Multiset - Formal Definition

Formal Definition

Within set theory, a multiset may be formally defined as a 2-tuple(A, m) where A is some set and m : A → N_≥1 is a function from A to the set N_≥1 = {1, 2, 3, ...} of positive natural numbers. The set A is called the underlying set of elements. For each a in A the multiplicity (that is, number of occurrences) of a is the number m(a). If a universe U in which the elements of A must live is specified, the definition can be simplified to just a multiplicity function m_U : U → N from U to the set N = {0, 1, 2, 3, ...} of natural numbers, obtained by extending m to U with values 0 for each element not in A. This extended multiplicity function is the multiplicity function called 1_A below. Like any function, the function m may be defined as its graph: the set of ordered pairs { (a, m(a)) : a in A }. With these definitions the multiset written as { a, a, b } is defined as ({ a, b },{ (a, 2), (b, 1) }), and the multiset { a, b } is defined as ({ a, b },{ (a, 1), (b, 1) }).

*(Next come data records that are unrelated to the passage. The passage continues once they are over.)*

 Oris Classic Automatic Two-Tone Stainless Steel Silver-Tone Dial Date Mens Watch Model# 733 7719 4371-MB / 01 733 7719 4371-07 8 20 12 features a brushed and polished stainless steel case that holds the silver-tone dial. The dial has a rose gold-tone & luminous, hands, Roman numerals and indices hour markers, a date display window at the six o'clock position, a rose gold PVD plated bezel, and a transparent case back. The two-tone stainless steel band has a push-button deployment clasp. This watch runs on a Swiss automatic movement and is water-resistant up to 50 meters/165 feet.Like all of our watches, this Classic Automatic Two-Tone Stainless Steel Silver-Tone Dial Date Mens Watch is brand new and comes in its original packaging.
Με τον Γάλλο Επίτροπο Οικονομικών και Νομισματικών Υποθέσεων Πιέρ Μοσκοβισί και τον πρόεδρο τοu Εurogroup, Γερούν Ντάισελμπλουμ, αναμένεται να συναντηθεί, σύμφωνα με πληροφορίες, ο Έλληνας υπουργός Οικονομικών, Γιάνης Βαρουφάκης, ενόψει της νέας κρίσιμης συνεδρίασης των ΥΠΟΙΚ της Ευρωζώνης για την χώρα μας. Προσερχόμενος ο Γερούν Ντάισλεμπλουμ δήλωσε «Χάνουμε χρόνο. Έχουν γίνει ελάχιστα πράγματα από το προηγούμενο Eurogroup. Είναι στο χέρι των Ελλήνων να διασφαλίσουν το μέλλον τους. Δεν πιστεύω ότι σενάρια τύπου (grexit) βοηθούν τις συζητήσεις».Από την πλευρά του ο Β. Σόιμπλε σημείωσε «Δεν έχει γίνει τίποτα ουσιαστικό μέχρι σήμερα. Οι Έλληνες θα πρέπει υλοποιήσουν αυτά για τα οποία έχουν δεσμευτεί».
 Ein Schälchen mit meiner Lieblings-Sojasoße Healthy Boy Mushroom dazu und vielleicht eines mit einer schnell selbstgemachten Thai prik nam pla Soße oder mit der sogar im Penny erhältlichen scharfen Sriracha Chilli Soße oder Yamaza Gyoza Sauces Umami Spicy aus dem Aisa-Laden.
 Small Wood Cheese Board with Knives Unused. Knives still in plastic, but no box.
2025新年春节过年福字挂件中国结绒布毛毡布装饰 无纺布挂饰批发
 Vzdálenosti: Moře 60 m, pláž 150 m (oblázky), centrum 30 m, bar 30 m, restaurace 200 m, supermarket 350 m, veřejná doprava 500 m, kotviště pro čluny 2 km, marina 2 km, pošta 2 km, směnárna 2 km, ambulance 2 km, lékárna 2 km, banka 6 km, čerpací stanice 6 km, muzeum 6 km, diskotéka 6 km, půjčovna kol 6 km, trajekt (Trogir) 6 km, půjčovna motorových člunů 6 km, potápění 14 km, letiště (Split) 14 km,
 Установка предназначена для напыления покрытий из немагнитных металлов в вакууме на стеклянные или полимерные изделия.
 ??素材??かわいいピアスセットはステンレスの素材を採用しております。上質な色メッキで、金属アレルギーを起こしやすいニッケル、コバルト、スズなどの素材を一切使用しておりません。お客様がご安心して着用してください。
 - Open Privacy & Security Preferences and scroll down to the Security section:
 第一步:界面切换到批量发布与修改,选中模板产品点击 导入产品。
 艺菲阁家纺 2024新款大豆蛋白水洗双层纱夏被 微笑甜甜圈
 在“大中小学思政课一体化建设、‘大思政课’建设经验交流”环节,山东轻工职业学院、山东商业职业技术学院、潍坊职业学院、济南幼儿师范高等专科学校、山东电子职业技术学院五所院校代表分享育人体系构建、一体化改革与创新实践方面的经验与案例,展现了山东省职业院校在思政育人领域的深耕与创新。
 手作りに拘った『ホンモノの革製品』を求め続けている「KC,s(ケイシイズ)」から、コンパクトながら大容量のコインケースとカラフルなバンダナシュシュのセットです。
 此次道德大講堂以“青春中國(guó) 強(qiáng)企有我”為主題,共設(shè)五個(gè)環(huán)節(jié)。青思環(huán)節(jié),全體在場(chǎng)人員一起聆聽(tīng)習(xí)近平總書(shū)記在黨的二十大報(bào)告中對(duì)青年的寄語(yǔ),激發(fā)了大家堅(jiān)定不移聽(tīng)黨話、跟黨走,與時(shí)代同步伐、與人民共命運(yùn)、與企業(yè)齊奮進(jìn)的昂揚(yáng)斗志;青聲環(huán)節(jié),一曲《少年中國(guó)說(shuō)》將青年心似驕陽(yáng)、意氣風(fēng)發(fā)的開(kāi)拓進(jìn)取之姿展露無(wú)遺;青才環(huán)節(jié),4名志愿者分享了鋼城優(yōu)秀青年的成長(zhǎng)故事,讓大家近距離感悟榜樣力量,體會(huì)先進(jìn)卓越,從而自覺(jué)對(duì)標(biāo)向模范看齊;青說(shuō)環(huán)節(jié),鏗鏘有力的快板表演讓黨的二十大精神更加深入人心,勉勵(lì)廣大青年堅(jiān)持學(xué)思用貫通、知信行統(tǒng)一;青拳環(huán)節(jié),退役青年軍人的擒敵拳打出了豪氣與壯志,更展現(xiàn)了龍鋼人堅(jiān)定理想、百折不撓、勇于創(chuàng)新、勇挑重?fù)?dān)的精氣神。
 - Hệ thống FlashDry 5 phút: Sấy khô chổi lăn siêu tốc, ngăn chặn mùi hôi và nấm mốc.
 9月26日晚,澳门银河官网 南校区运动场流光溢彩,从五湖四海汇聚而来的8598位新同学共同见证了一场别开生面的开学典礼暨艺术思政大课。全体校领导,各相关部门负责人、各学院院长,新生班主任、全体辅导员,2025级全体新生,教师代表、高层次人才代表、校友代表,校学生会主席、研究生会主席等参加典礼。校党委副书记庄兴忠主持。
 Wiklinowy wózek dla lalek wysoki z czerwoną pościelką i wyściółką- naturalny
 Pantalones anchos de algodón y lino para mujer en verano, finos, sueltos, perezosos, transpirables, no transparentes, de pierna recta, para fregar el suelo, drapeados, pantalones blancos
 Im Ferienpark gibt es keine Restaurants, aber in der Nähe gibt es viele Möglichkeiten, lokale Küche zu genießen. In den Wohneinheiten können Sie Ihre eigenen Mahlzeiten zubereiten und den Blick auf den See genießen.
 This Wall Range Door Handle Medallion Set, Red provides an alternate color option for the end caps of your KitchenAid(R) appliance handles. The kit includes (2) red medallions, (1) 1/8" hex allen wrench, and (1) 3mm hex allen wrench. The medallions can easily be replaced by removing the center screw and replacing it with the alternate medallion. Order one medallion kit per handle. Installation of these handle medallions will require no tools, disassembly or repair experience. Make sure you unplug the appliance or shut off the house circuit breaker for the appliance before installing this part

The concept of a multiset is a generalization of the concept of a set. A multiset corresponds to an ordinary set if the multiplicity of every element is one (as opposed to some larger natural number). An indexed family, ( a_i ), where i is in some index-set, may define a multiset, sometimes written { a_i }, in which the multiplicity of any element x is the number of indices i such that a_i = x. The condition for this to be possible is that no element occurs infinitely many times in the family: even in an infinite multiset, the multiplicities must be finite numbers.

It is possible to extend the definition of a multiset by allowing multiplicities of individual elements to be infinite cardinals instead of natural numbers. Not all properties carry over to this generalization however, and this article uses the definition above, with finite multiplicities.